#### Data excerpt
|---|
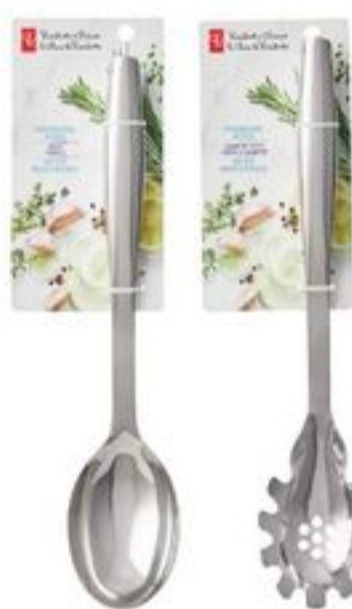
PC STAINLESS STEEL GADGETS 21216316_EA/21216318_EA
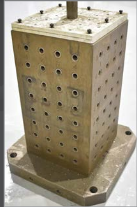
View of tombstones available
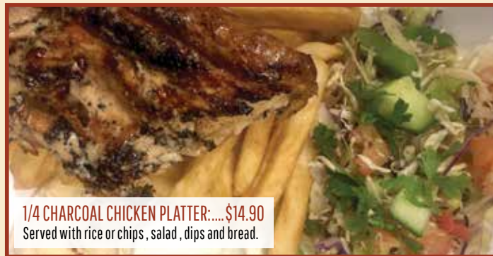
1/4 CHARCOAL CHICKEN PLATTER:.....$14.90 Served with rice or chips, salad, dips and bread.

Mozzarella cheese, prawns, barramundi strips, calamari, fresh tomatoes, garlic, fresh parsley & red onion.
|---|
#### Try it
In your output, include only the lines from the line containing "View of tombstones available" through the last line of the material above, exactly as they appear, and leave out the pictures.

#### Expected answer
View of tombstones available
1/4 CHARCOAL CHICKEN PLATTER:.....$14.90 Served with rice or chips, salad, dips and bread.

Mozzarella cheese, prawns, barramundi strips, calamari, fresh tomatoes, garlic, fresh parsley & red onion.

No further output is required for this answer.